DIRECTIONS:
Without the images, write out the whole listing exactly.

GIVEN MATERIAL:

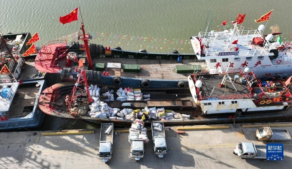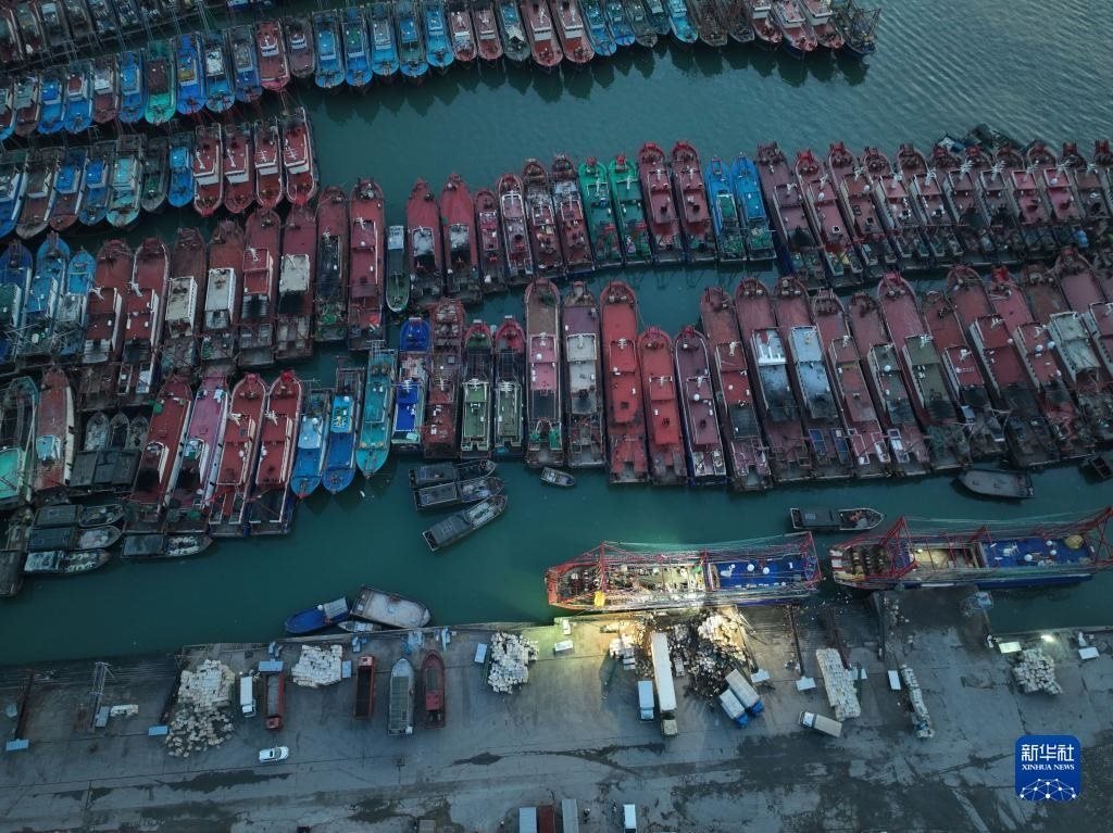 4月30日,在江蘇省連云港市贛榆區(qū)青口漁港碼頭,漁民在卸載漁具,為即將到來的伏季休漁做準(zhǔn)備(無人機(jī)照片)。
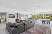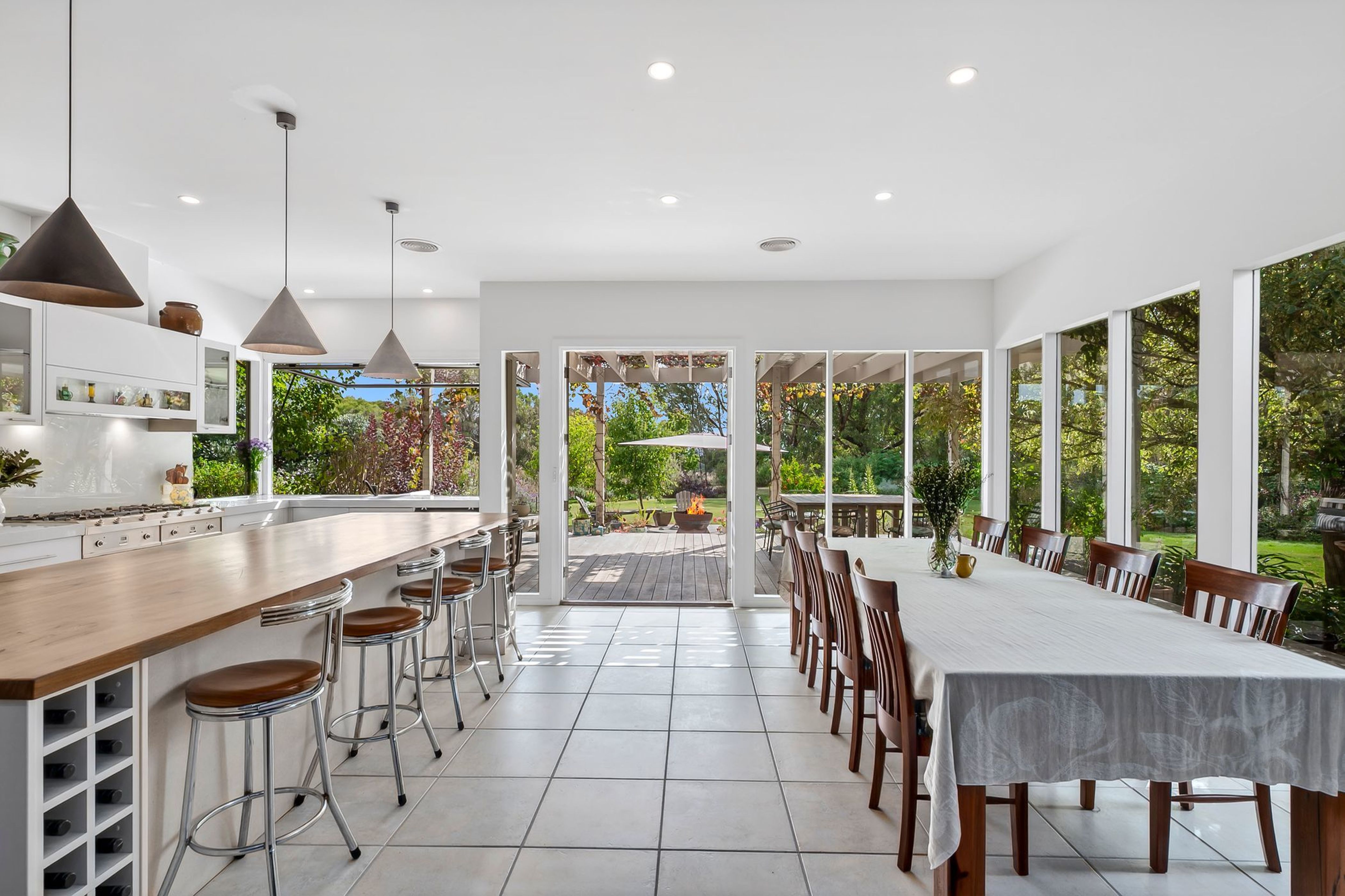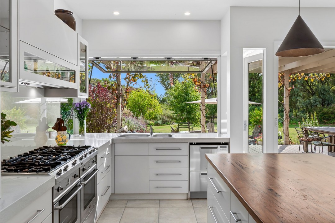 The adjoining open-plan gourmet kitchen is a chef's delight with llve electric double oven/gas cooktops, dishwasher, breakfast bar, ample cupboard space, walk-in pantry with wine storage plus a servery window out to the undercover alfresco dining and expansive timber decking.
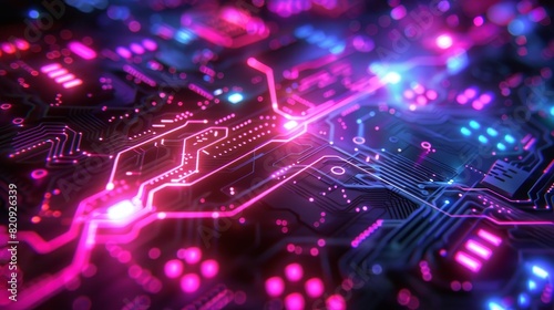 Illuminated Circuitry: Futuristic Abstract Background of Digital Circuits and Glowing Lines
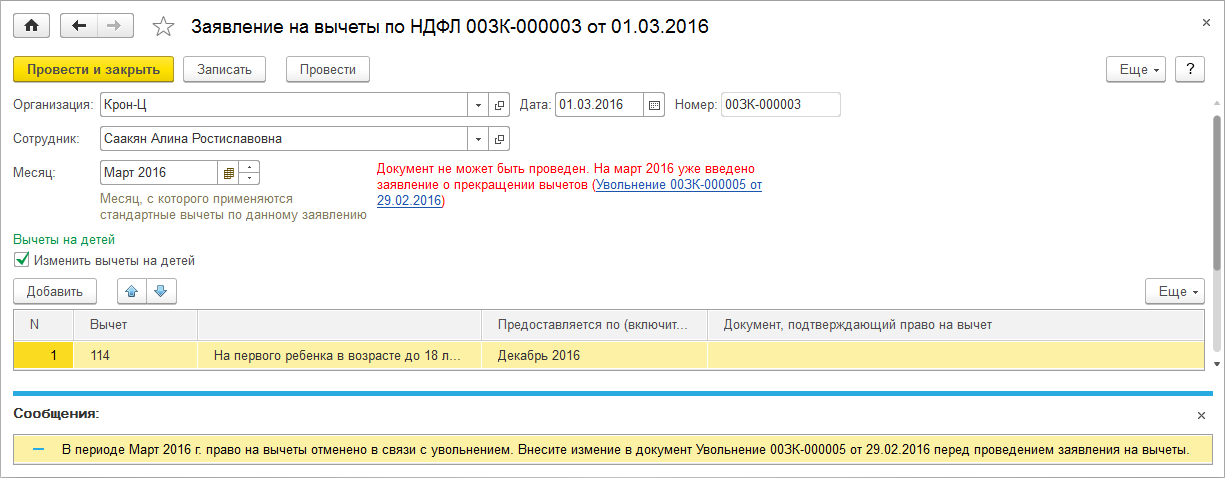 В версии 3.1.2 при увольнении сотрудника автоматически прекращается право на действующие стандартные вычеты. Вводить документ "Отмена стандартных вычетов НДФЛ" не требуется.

EXERCISE OUTPUT:
 4月30日,在江蘇省連云港市贛榆區(qū)青口漁港碼頭,漁民在卸載漁具,為即將到來的伏季休漁做準(zhǔn)備(無人機(jī)照片)。
 The adjoining open-plan gourmet kitchen is a chef's delight with llve electric double oven/gas cooktops, dishwasher, breakfast bar, ample cupboard space, walk-in pantry with wine storage plus a servery window out to the undercover alfresco dining and expansive timber decking.
 Illuminated Circuitry: Futuristic Abstract Background of Digital Circuits and Glowing Lines
 В версии 3.1.2 при увольнении сотрудника автоматически прекращается право на действующие стандартные вычеты. Вводить документ "Отмена стандартных вычетов НДФЛ" не требуется.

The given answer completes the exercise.